:: The task ::
The reply must consist of the complete listing, reproduced exactly, with no images included.

:: Raw data ::
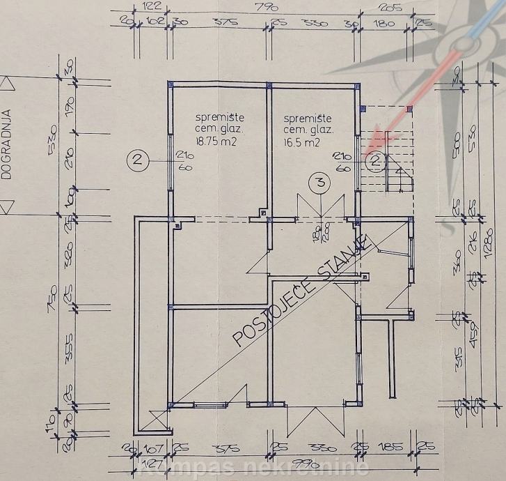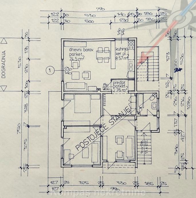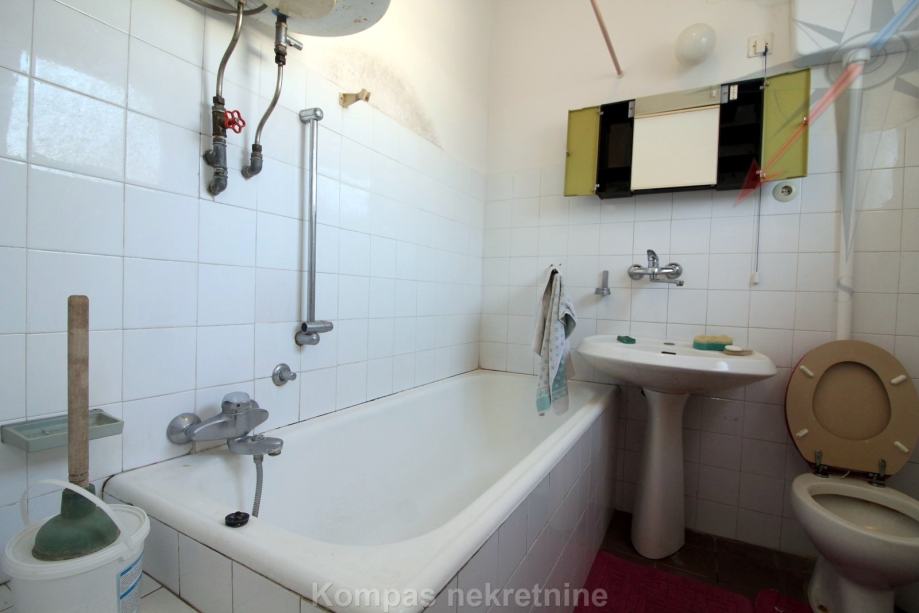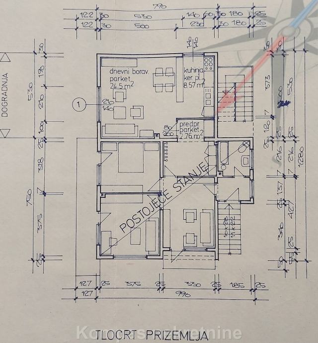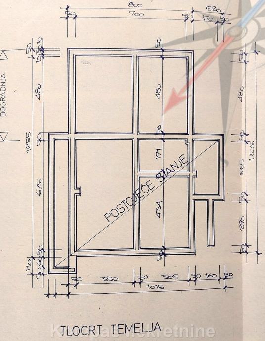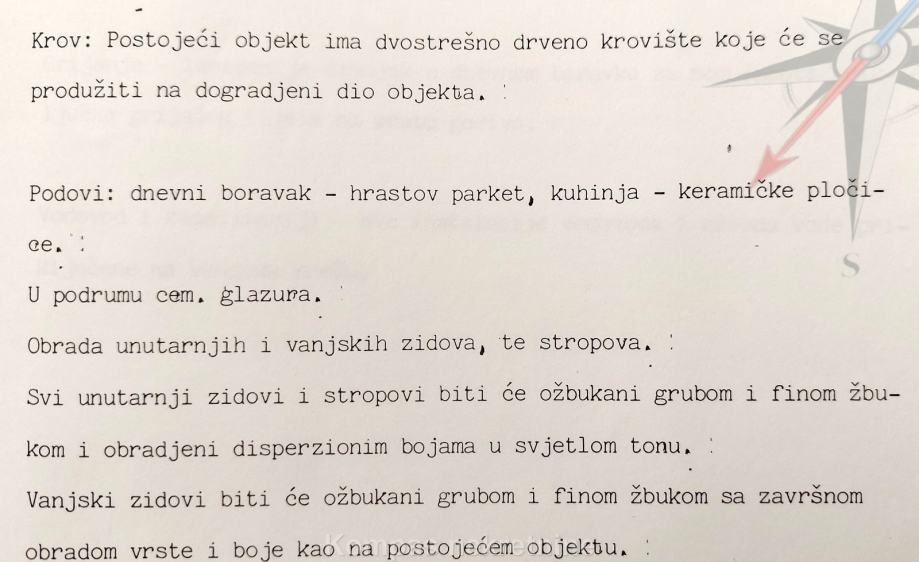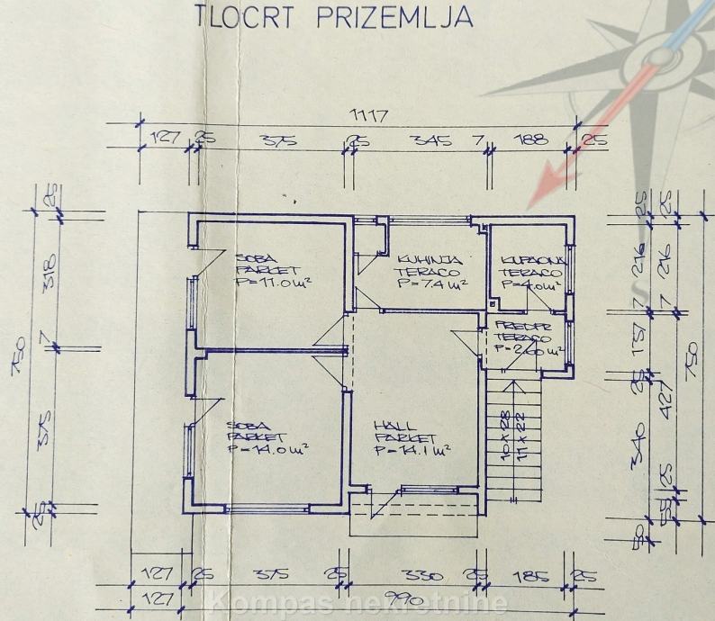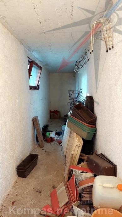 PRIZEMLJE: glavni ulaz u kuću, kupaonica, prostor za dvije kuhinje, predsoblje, tri sobe, balkon, terasa .
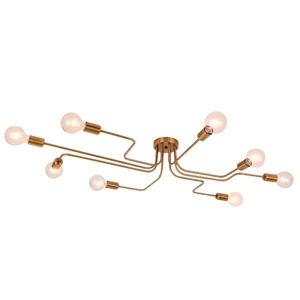 Gambrel 8-Light Gold Unique Sputnik Sphere Linear Semi-Flush Mount
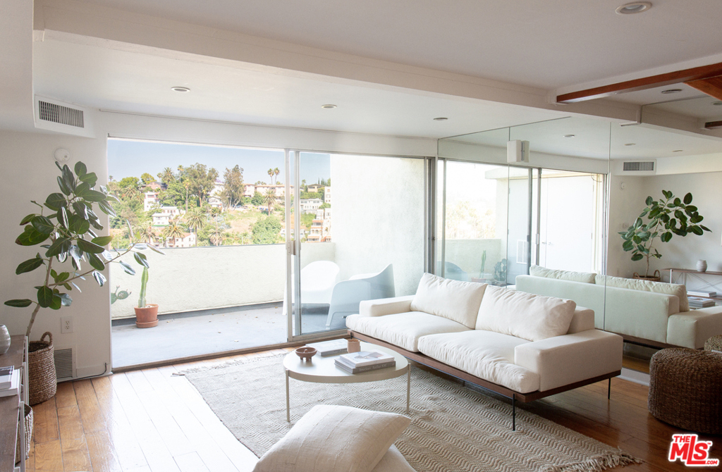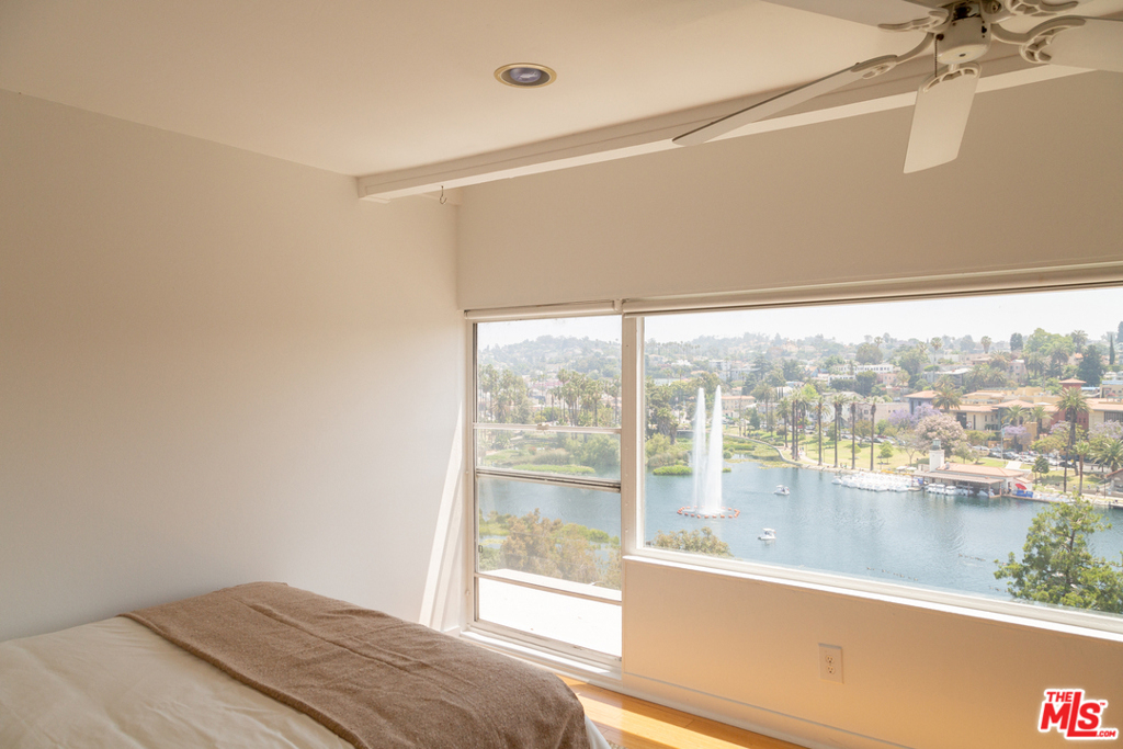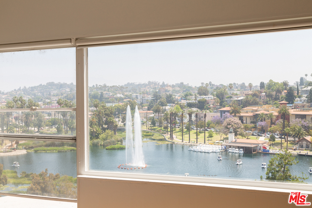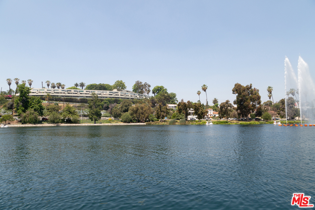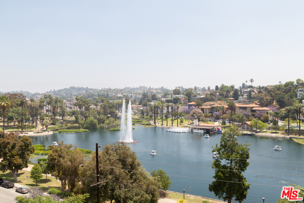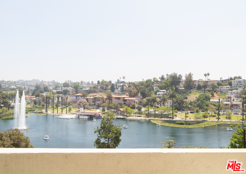 A fantastic opportunity to own a 2-story townhome within Echo Park's Lago Vista, an iconic modernist complex designed by architect Allyn E. Morris in 1973. Long heralded by fans of mid-century modern architecture, Morris' clean lines, open floor plan, cobalt blue mosaic kitchen/bathroom tiles and concrete stairs have been thoughtfully preserved in this highly coveted unit ideally located within the complex. The open concept kitchen and living room opens to a private balcony with incredible sweeping views of the San Gabriel mountains, the downtown skyline and beautiful Echo Park Lake. Upstairs you'll find 2 bedrooms and 1 bathroom with a skylight and even more spectacular views. This private gated building features a heated pool, a private dog run, and 2 covered parking spaces. The best of Echo Park and Silver Lake is just outside your door including Mohawk Bend, Elf, Button Mash, Square One, and the Friday night farmer's market.

:: Reply ::
 PRIZEMLJE: glavni ulaz u kuću, kupaonica, prostor za dvije kuhinje, predsoblje, tri sobe, balkon, terasa .
 Gambrel 8-Light Gold Unique Sputnik Sphere Linear Semi-Flush Mount
 A fantastic opportunity to own a 2-story townhome within Echo Park's Lago Vista, an iconic modernist complex designed by architect Allyn E. Morris in 1973. Long heralded by fans of mid-century modern architecture, Morris' clean lines, open floor plan, cobalt blue mosaic kitchen/bathroom tiles and concrete stairs have been thoughtfully preserved in this highly coveted unit ideally located within the complex. The open concept kitchen and living room opens to a private balcony with incredible sweeping views of the San Gabriel mountains, the downtown skyline and beautiful Echo Park Lake. Upstairs you'll find 2 bedrooms and 1 bathroom with a skylight and even more spectacular views. This private gated building features a heated pool, a private dog run, and 2 covered parking spaces. The best of Echo Park and Silver Lake is just outside your door including Mohawk Bend, Elf, Button Mash, Square One, and the Friday night farmer's market.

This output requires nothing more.